• Fastest way to update 20,000+ game objects position?

    From Zenchess@21:1/5 to All on Wed Sep 2 20:40:04 2020
    Hi, I wrote an external interfacing wrapper for Raylib, and duplicated their BunnyMark demo. I was surprised that I could spawn far less bunnies without a lot of FPS drop. After some profiling, it turned out that updating the positions of each bunny
    by += velocity was taking a very long time, something like 50+ms on 20,000 objects.

    What would be the fastest way to do this just inside dolphin? I know that the theoretical fastest way would probably be to write a c++ library to do it.

    The way I was doing it was I had bunny objects, with points for position and velocity. They were stored in an OrderedCollection, and then a do:[:each| each position: each position + each velocity].

    I know very little about optimization in Smalltalk so I would appreciate any advice on this topic, thanks - Jacob

    --- SoupGate-Win32 v1.05
    * Origin: fsxNet Usenet Gateway (21:1/5)
  • From Sergio Del Franco@21:1/5 to All on Fri Sep 4 09:03:53 2020
    El Thursday, September 3, 2020 a la(s) 12:40:05 AM UTC-3, Zenchess escribió:
    Hi, I wrote an external interfacing wrapper for Raylib, and duplicated their BunnyMark demo. I was surprised that I could spawn far less bunnies without a lot of FPS drop. After some profiling, it turned out that updating the positions of each bunny by
    += velocity was taking a very long time, something like 50+ms on 20,000 objects.
    What would be the fastest way to do this just inside dolphin? I know that the theoretical fastest way would probably be to write a c++ library to do it.
    The way I was doing it was I had bunny objects, with points for position and velocity. They were stored in an OrderedCollection, and then a do:[:each| each position: each position + each velocity].
    I know very little about optimization in Smalltalk so I would appreciate any advice on this topic, thanks - Jacob

    The profiler should help you find where the problem is.
    E.g.:
    [BunnyMarkDemo run] profile.
    Then select the sample set in the first tab and analize the information the last four tabs. As this is your first time, I recommend you to start by the last one, "Time".

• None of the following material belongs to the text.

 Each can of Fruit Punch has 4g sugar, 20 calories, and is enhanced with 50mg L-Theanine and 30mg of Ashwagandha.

    --- SoupGate-Win32 v1.05
    * Origin: fsxNet Usenet Gateway (21:1/5)
  • From Bruno Buzzi Brassesco@21:1/5 to All on Mon Sep 7 10:02:51 2020
    Hi,

    Did you take a look at:
    https://www.youtube.com/watch?v=NiJWcQJseLQ https://www.youtube.com/watch?v=nIb9rmxJ4Ko https://www.youtube.com/watch?v=_6Obmt0hGh4 https://www.youtube.com/watch?v=koOsS-vD-XA

    For all simulations you have to create a subclass od DoubleBufferedView (or maybe create your own DoubleBufferedView).

    regards,
    bruno

    --- SoupGate-Win32 v1.05
    * Origin: fsxNet Usenet Gateway (21:1/5)
  • From Zenchess@21:1/5 to All on Mon Sep 7 21:54:06 2020
    Yes, I've already been rendering games with opengl. I'm using GLFW to create the window, not dolphin.
    The problem isn't a rendering issue - it's that running the code I gave above takes a very long time to execute.

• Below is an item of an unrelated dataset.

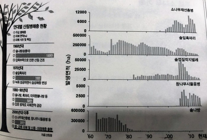 두 번째 발제자인 고상현 국립산림과학원 산림병해충연구과 연구관은 '산림병해충 발생 현황과 대응'에서 60년~70년대 솔나방의 대표적인 산림해충으로 등장한 이후 솔잎흑파리가, 2000년 이후는 소나무를 고사시키는 재선충병으로 산림황폐화를 촉진시켰다.

    Here is an example code that illustrates the issue a := OrderedCollection new.

    1 to: 20000 do: [:count|
    a add: (2@2)].

    Time millisecondsToRun: [
    1 to: 20000 do: [:index|
    (a at: index) x: index]
    ]

    would give like 50-80 ms to run the second block.


    This is not the exact code in my update loop, but basically I am updating the position of 20,000 or so game objects every frame and it's taking around 50-80 ms to run code like the above. I was just seeing if there is a more performant way of updating
    a large number of objects in dolphin, i.e. perhaps I shouldnt use a class at all for my game objects, and store everything in an array, an orderedCollection, I'm not really sure.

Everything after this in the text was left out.